The most serious advance, sources say, were made in recent months by Russian oligarchs, tycoons invested in the country's oil industry. The Russians' working plan would've been for full ownership of the Nets and control of the Atlantic Yards project in Brooklyn, one source said.
Also, a Middle Eastern group, based in Dubai, expressed interest to the NBA and Nets ownership.
There are no ongoing negotiations, but the fact that Ratner was willing to listen speaks to the trouble he's had getting the Brooklyn arena built, as well as the financial beating that he has taken since purchasing the Nets in 2004. Sources say he's losing as much as $30 million a year on the team.

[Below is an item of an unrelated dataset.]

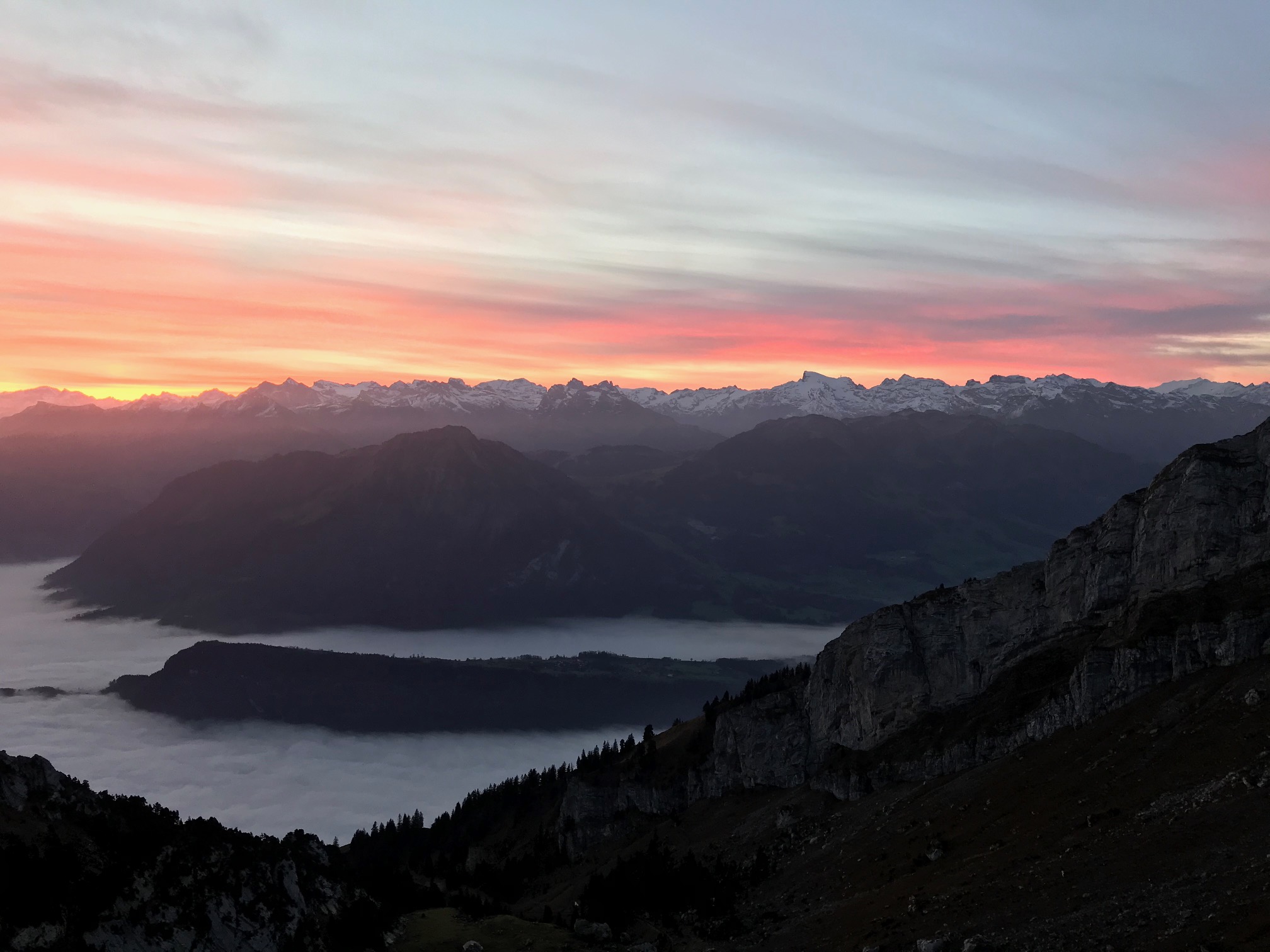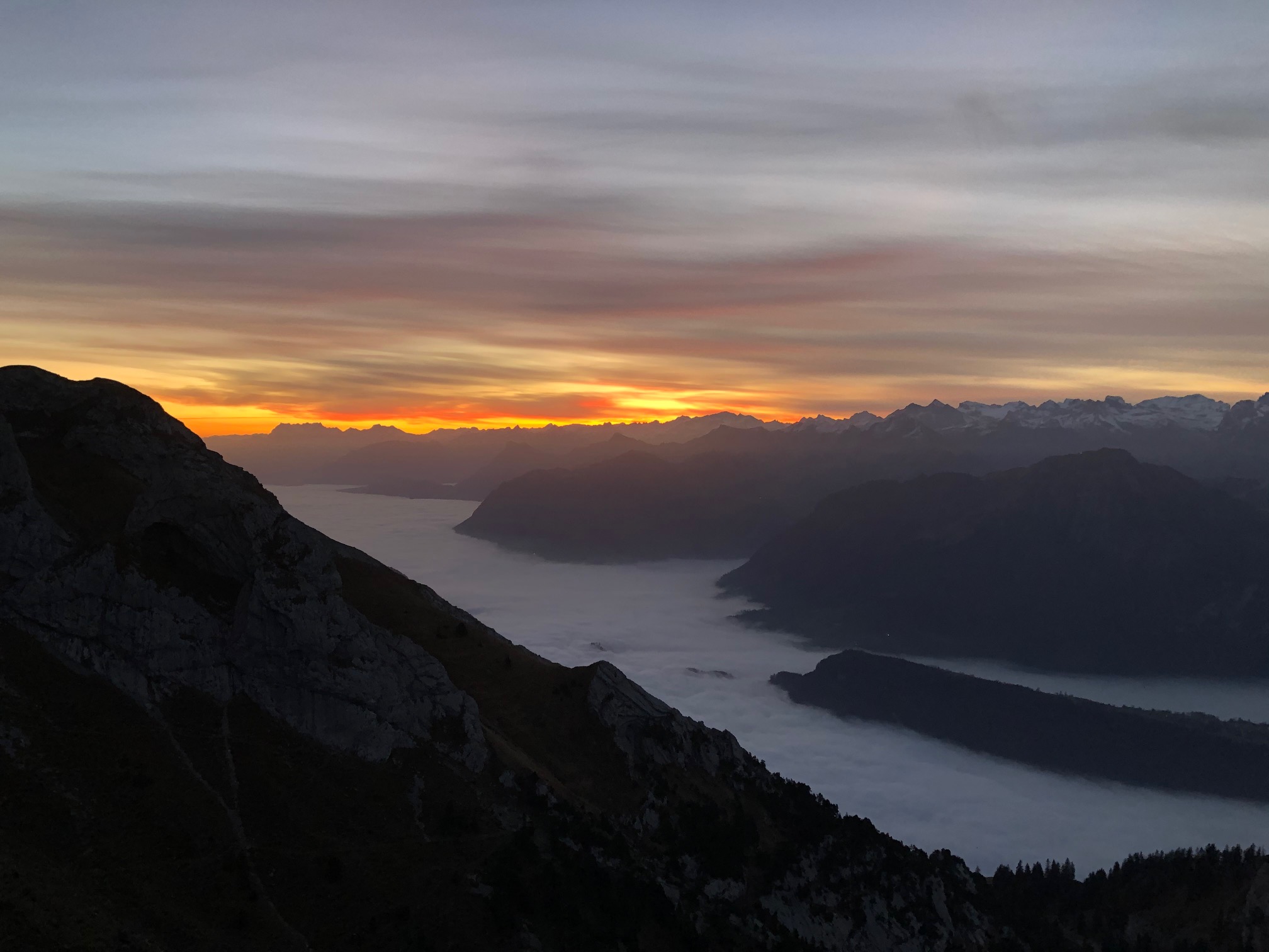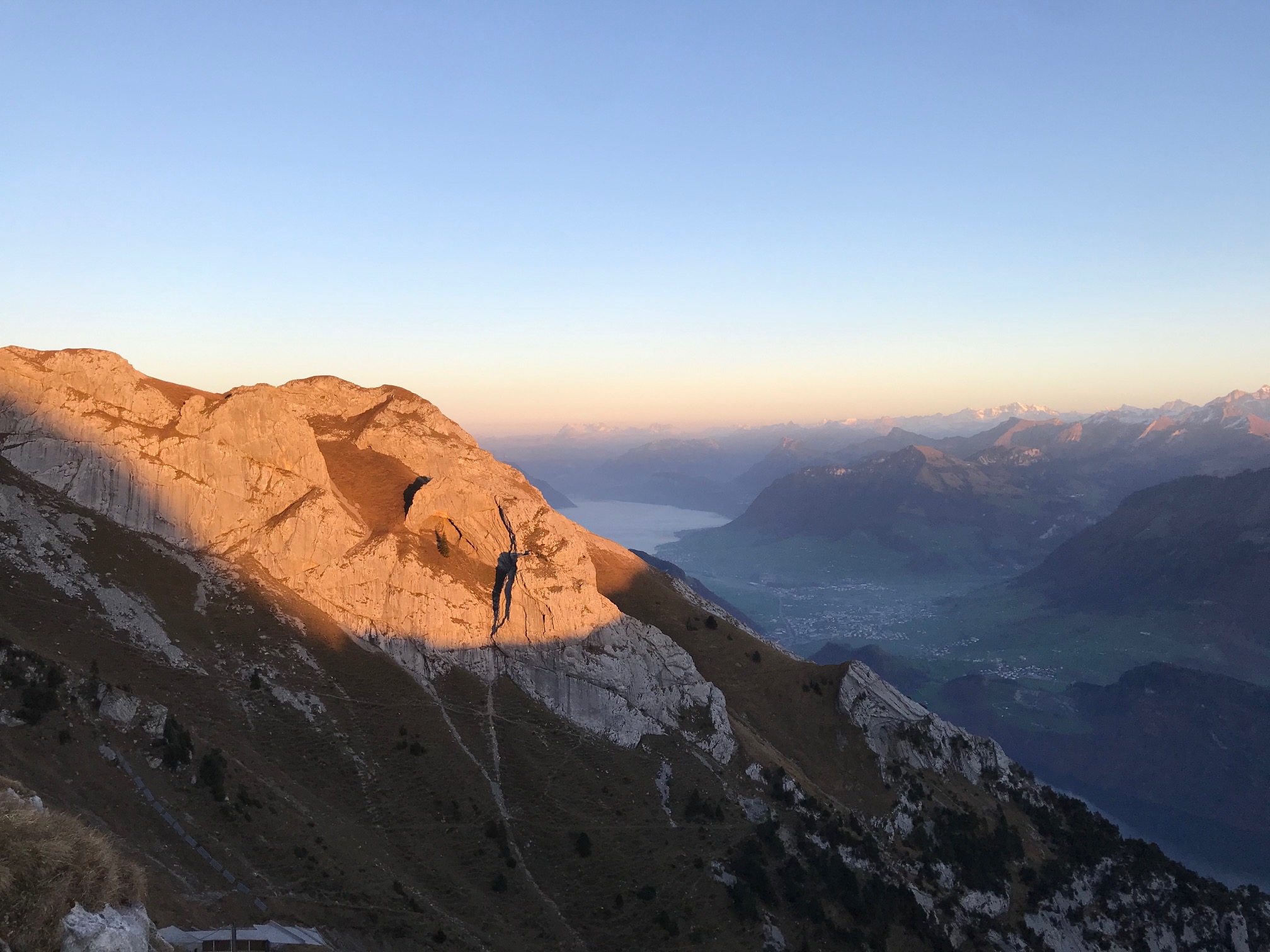 En même temps, on habite un pays fantastique dans lequel on nous laisse sortir à plus d’un kilomètre de chez nous, on n’a pas vraiment le droit de se plaindre. On profite donc de notre semaine de vacances pour (re)découvrir le Pilatus, montagne emblématique de Suisse Centrale, habituellement envahie de hordes de touristes asiatiques. On part tranquilles le lundi matin, et on passe l’après-midi à grimpoter sur un petit jardin d’escalade sympa à 30 minutes du sommet. On se trouve une cabane 5 étoiles sur le chemin qui contourne l’Esel et on passe une super soirée, à admirer le coucher de soleil sur le lac des 4 cantons. La nuit sera finalement bien moins fraîche que prévu à l’abris de la rosée, et on se lève frais et dispos pour attaquer cette Galtigengrat.
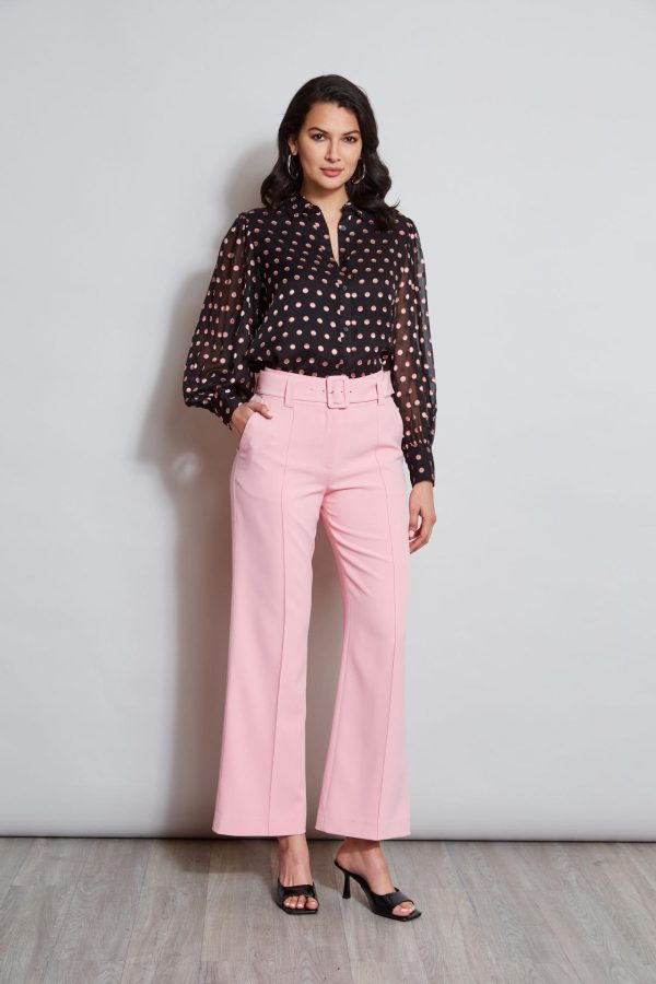 Springs “IT” pant is a chic update to the wide leg pant. Designed with a high-rise silhouette, front zip closure and a chic self-covered buckle, this pant will quickly become a staple in your wardrobe.

NBA commissioner David Stern didn't speak specifically about potential interest in the Nets, but confirmed overseas interest in owning NBA teams. "It is fair to say that we have had expressions of interest – no sales – from Russia, the Middle East and China," Stern told Yahoo! Sports on Tuesday night.
Then, Stern smiled and said, "But none in the last two weeks, and all of them when oil was $140 a barrel."
For now, the Nets are rebuilding with young players and remain lame-duck tenants in a Northern New Jersey market that is largely indifferent to them. The New York Daily News reported on Monday that Ratner met with a group of investors in the past year about selling the Nets, but the paper's story said that the proposed deal would not have included the Atlantic Yards.
So far, Ratner has resisted selling the franchise as he tries to revive the floundering arena project in Brooklyn. Most league officials have grown increasingly pessimistic that the economic climate will allow Ratner to obtain the hundreds of millions of dollars left to finance the construction. Stern declared optimism about the Nets getting the arena financed and moving to Brooklyn, but many others believe the situation is dire and ultimately unlikely to happen.
Plans for a 2011 opening of the Atlantic Yards project, which includes business and residential structures, were pushed back again recently. The Nets had hoped that the move to Brooklyn would be part of a plan that would trigger Cleveland Cavaliers star LeBron James to sign a free-agent deal with the Nets. James is close with one of the Nets part-owners, rapper Jay-Z.